From: Peter Kirk (
Date: Wed Mar 17 2004 - 14:53:23 EST

    On 17/03/2004 11:30, Ernest Cline wrote:

    >Mixed Turkish and other European language documents that are without
    >language markup have the same problem, no matter where the burden
    >is placed. Some I's will receive inappropriate glyphs when a casing rule
    >is applied. The problem is just as pronounced with either method, and
    >the need to rewrite such documents to ensure proper casing is the same.
    >I will admit that my preferred solution has higher initial costs, but lower
    >long term costs that cause me to favor it. In any case, changing to my
    >preferred solution now would not be worth the confusion that would be
    >caused. If there ever is a successor to Unicode, then it would be worth
    >examining this idea, but such an event is at least twenty years away.
    Your preferred solution has advantages only if the long term costs are
    real. But how often is it necessary to apply casing rules to existing
    documents? Quite rarely, I would think. Search engines might want to, I
    agree, but I would expect a basic search engine to fold dotted and
    dotless i on the basis that they cannot be distinguished reliably.

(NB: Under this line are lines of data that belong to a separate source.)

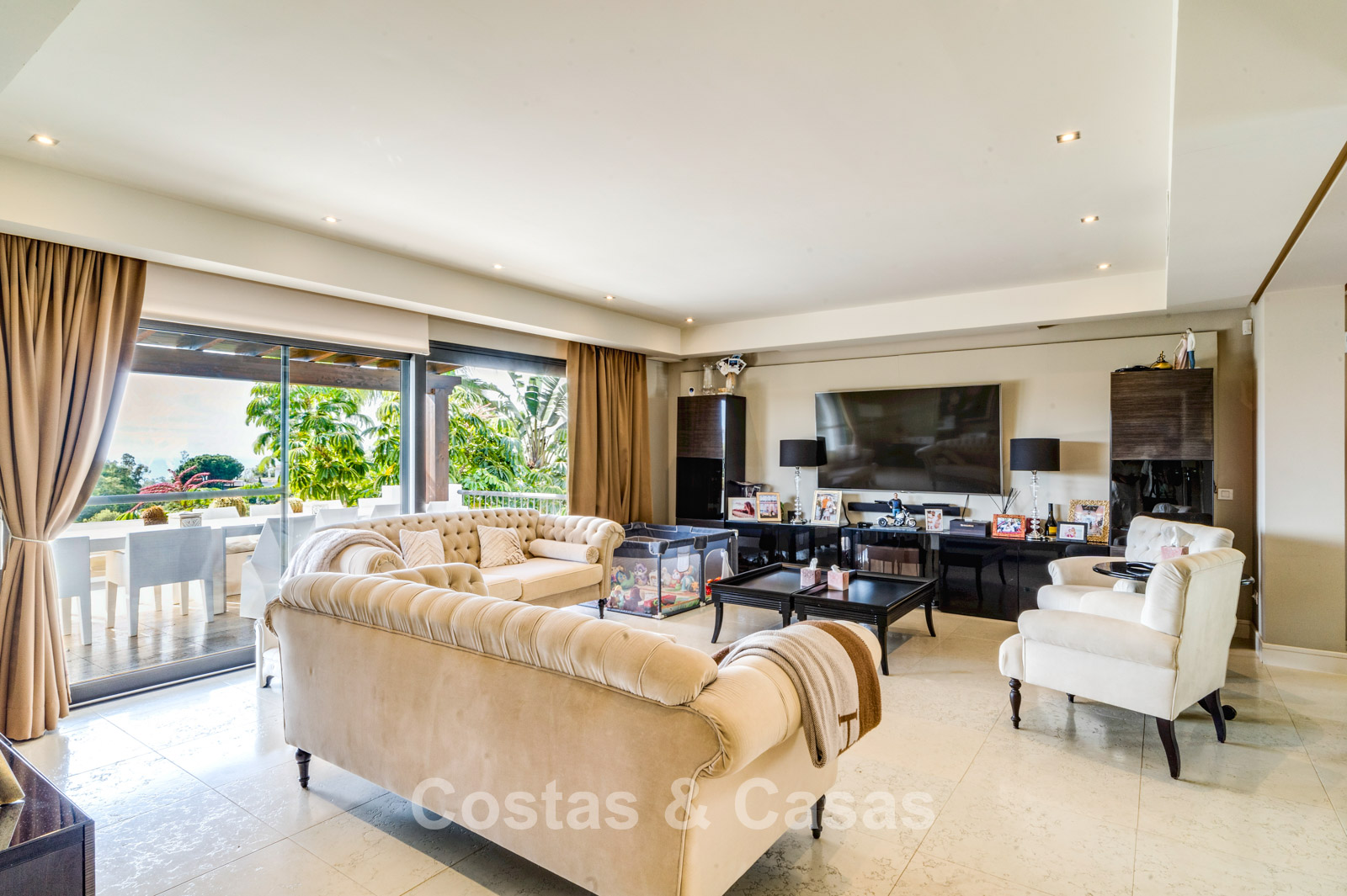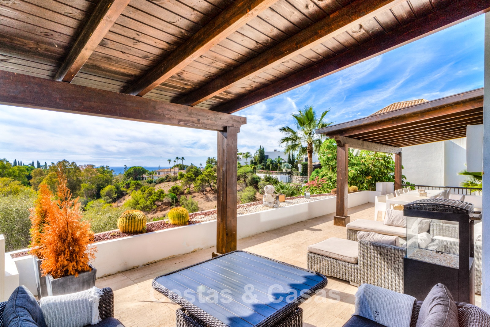 Villa de luxe espagnole, prête à emménager, avec vue sur la mer, à vendre sur le Golden Mile de Marbella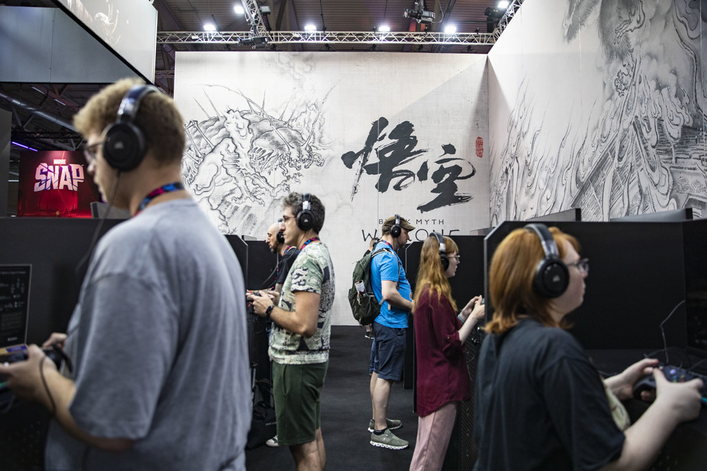 ▲歐美玩家在游戲展上的游戲科學(xué)攤位試玩《黑悟空》游戲。新華社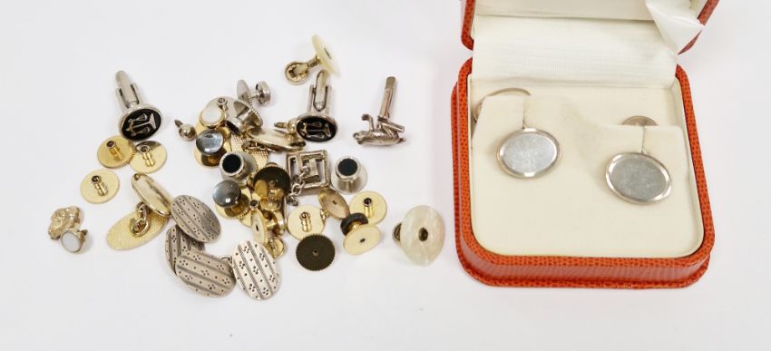 Pair of silver cufflinks with oval polished plates and chain links, in fitted case, and other assorted cufflinks and studs including silver and gilt metal examples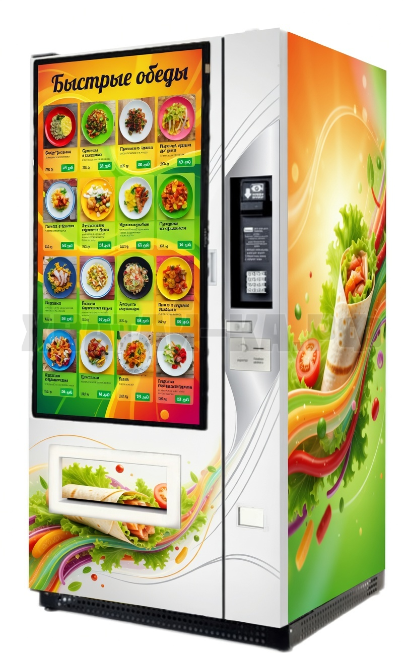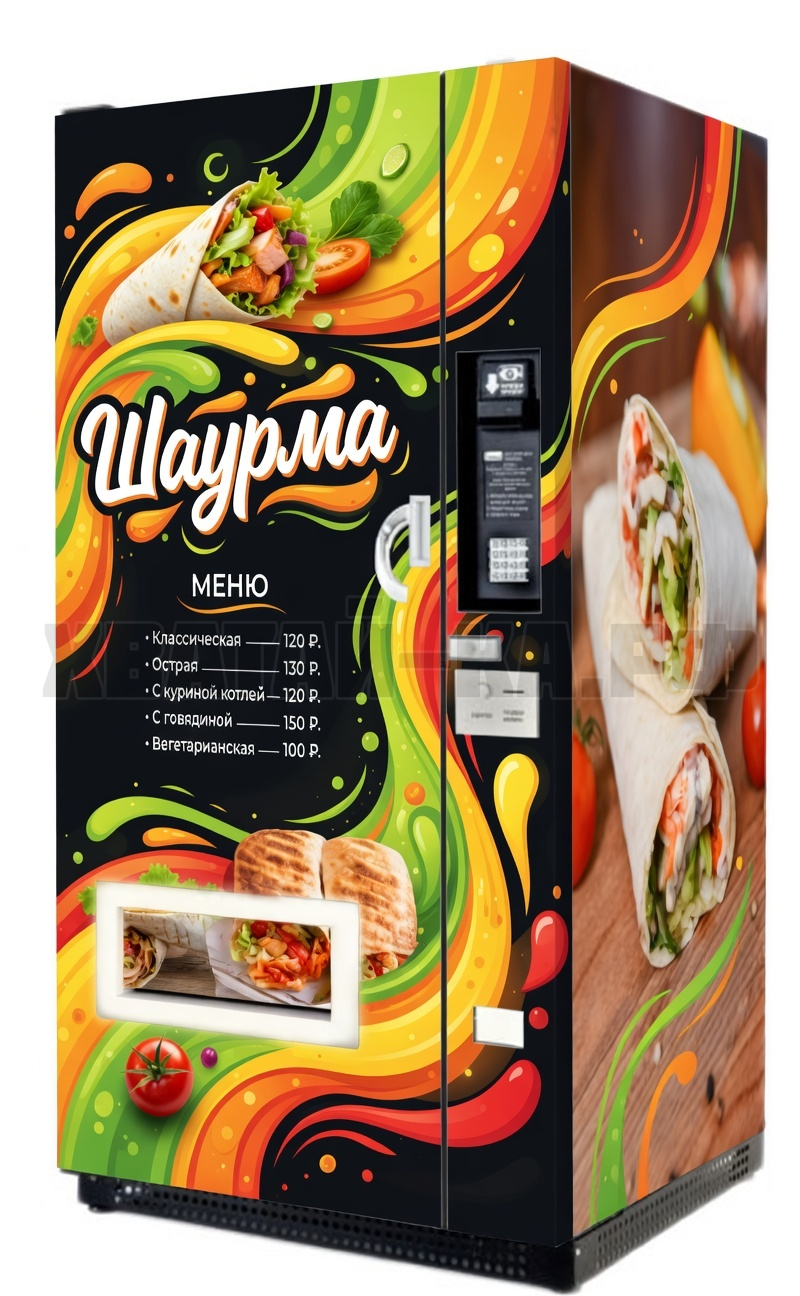 Аппарат выдает шаурму из морозильника прошедшая шоковую заморозку.
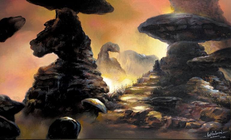 Karthikeyan Muringoor’s painting, inspired by Kudakkallu (umbrella stones), offers a surreal interpretation of these ancient megaliths. The dark, towering stones in a dreamlike landscape evoke mystery and timelessness, with warm light in the background contrasting their cold, rigid forms. The glowin...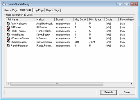When the User Page is chosen, a list of all MDaemon accounts is loaded into the User Information list box. This list contains each user's full name, the name of their mailbox, the domain to which the account belongs, the number of messages it contains, its mail format, the amount of disk space (in kilobytes) that the account is taking up, their forwarding address, and finally, the date that their mail was last checked. Given that the information contained in this list is constantly changing, it can be easily updated by clicking the Refresh button.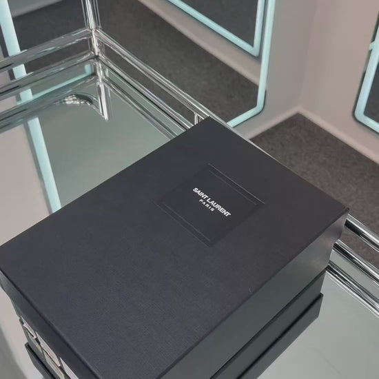 - Blue leather with a color block black pointed toe, stilettoes heel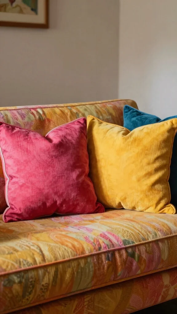 To implement this earthy theme, mix and match pillows while keeping a cohesive color scheme. You can find budget-friendly options at local markets or online retailers. Additionally, balancing bold colors with neutral tones in your couch or surrounding decor can enhance the overall aesthetic.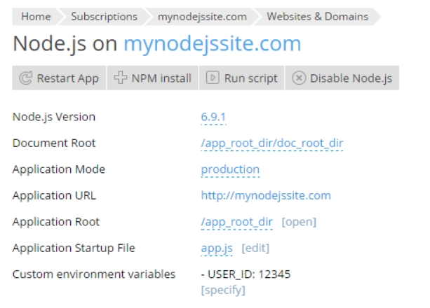 To set your application up, go to Websites & Domains and click Node.js. On this screen you can see a number of controls that will help you manage your Node.js application: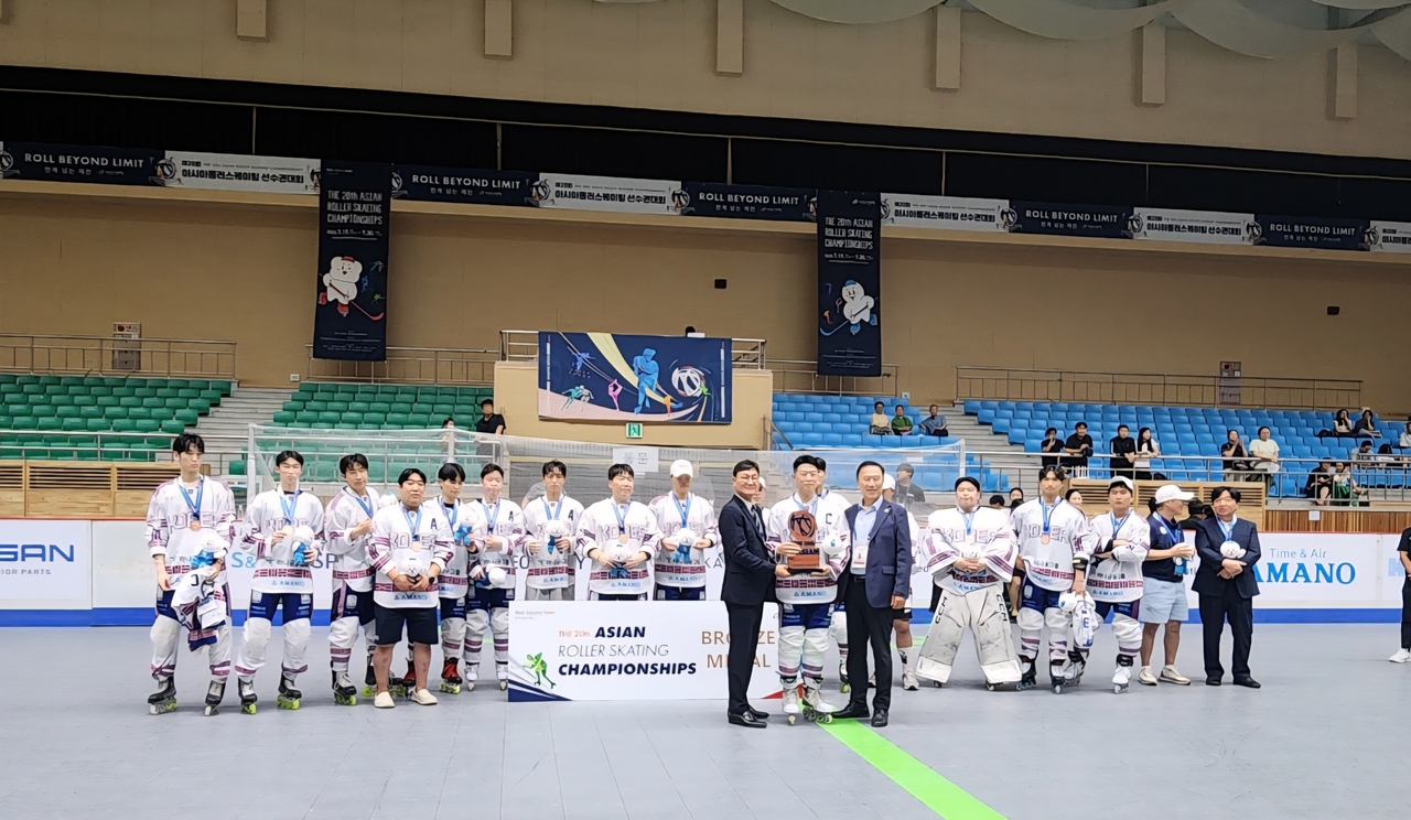 | 김경석(앞줄 왼쪽) 대한롤러스포츠연맹 회장이 제천에서 열린 ‘제20회 아시아롤러스케이팅선수권대회’에서 우수한 성적을 낸 선수에게 상을 수여하고 있다. <사진=대한롤러스포츠연맹> |

On
    your solution the costs must be borne for all documents before moving to
    Unicode or its putative successor; with the solution chosen by Unicode,
    the costs need be borne only for the minority of documents which
    actually need casing rules applied to them.

    We might hope that within twenty years almost all new documents will be
    marked with their language.

    Peter Kirk (personal) (work)